Fix for issue that occured when proxying to ollama

In the text_completion() function, it previously threw an exception at: raw_response = response._hidden_params.get("original_response", None) Due to response being an coroutine object to an ollama_acompletion call, so I added an asyncio.iscoroutine() check for the response and handle it by calling response = asyncio.run(response) I also had to fix atext_completion(), where init_response was an instance of TextCompletionResponse. Since this case was not handled by the if-elif that checks if init_response is a coroutine, a dict or a ModelResponse instance, response was unbound which threw an exception on the "return response" line. Note that a regular pyright based linter detects that response is possibly unbound, and that the same code pattern is used in multiple other places in main.py.
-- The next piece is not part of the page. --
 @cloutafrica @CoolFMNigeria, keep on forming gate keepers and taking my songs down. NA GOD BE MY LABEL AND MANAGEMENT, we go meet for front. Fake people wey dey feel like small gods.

I would suggest that you either change these cases: init_response = await loop.run_in_executor(... if isinstance(init_response, ... response = init_response elif asyncio.iscoroutine(init_response): response = await init_response To either just: response = await loop.run_in_executor( if asyncio.iscoroutine(response): response = await response Or at the very least, include an else statement and set response = init_response, so that response is never unbound when the code proceeds.
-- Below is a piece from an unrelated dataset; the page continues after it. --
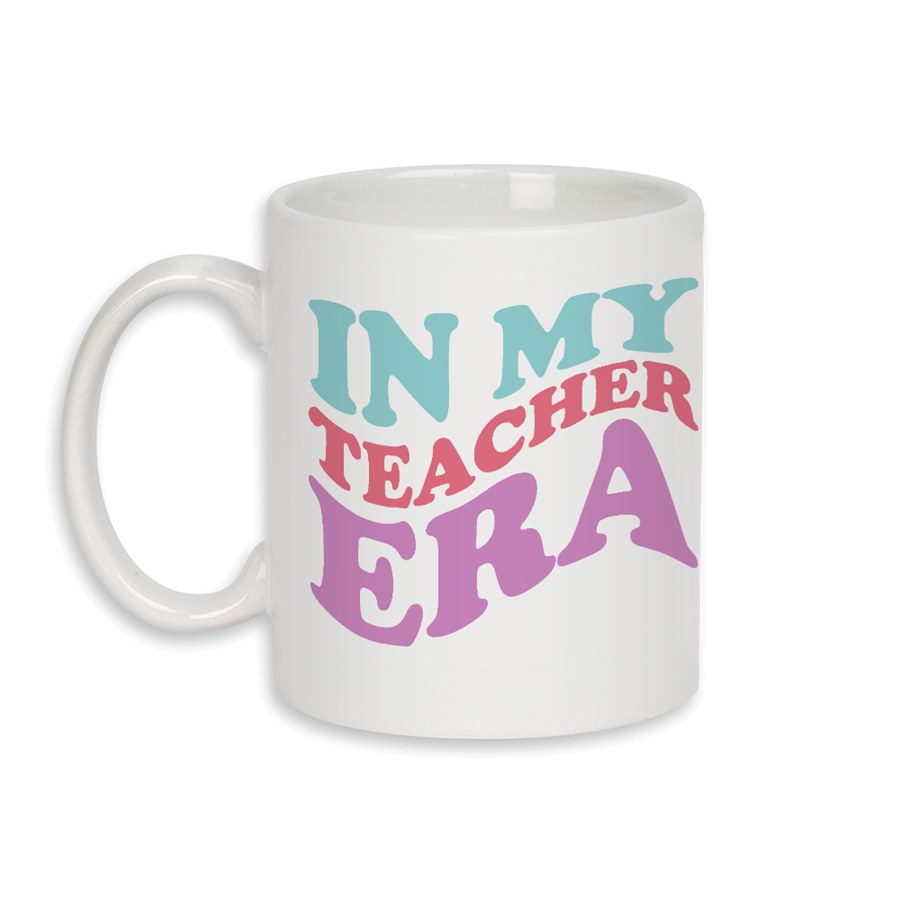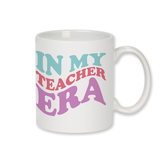 Celebrate your teacher's iconic "Teacher Era" with a personalized teacher's mug they will adore! This custom coffee mug for teachers features the fun and trendy phrase “In My Teacher Era,” in the colors of your choice, making it the perfect gift for the teacher in your life who's balancing it all with style.

2023-12-17 17:27:47 +02:00 · 2023-12-17 17:27:47 +02:00 · a419d59542
commit a419d59542
parent c703fb2f2c
1 changed files with 6 additions and 5 deletions
--- a/litellm/main.py
+++ b/litellm/main.py
@ -2016,11 +2016,9 @@ async def atext_completion(*args, **kwargs):
                response = text_completion(*args, **kwargs)
            else:
                # Await normally
-                init_response = await loop.run_in_executor(None, func_with_context)
-                if isinstance(init_response, dict) or isinstance(init_response, ModelResponse): ## CACHING SCENARIO 
-                    response = init_response
-                elif asyncio.iscoroutine(init_response):
-                    response = await init_response
+                response = await loop.run_in_executor(None, func_with_context)
+                if asyncio.iscoroutine(response):
+                    response = await response
        else: 
            # Call the synchronous function using run_in_executor
            response =  await loop.run_in_executor(None, func_with_context)
@ -2196,6 +2194,9 @@ def text_completion(
        response = TextCompletionStreamWrapper(completion_stream=response, model=model)
        return response

+    if asyncio.iscoroutine(response):
+        response = asyncio.run(response)
+
    transformed_logprobs = None
    # only supported for TGI models
    try: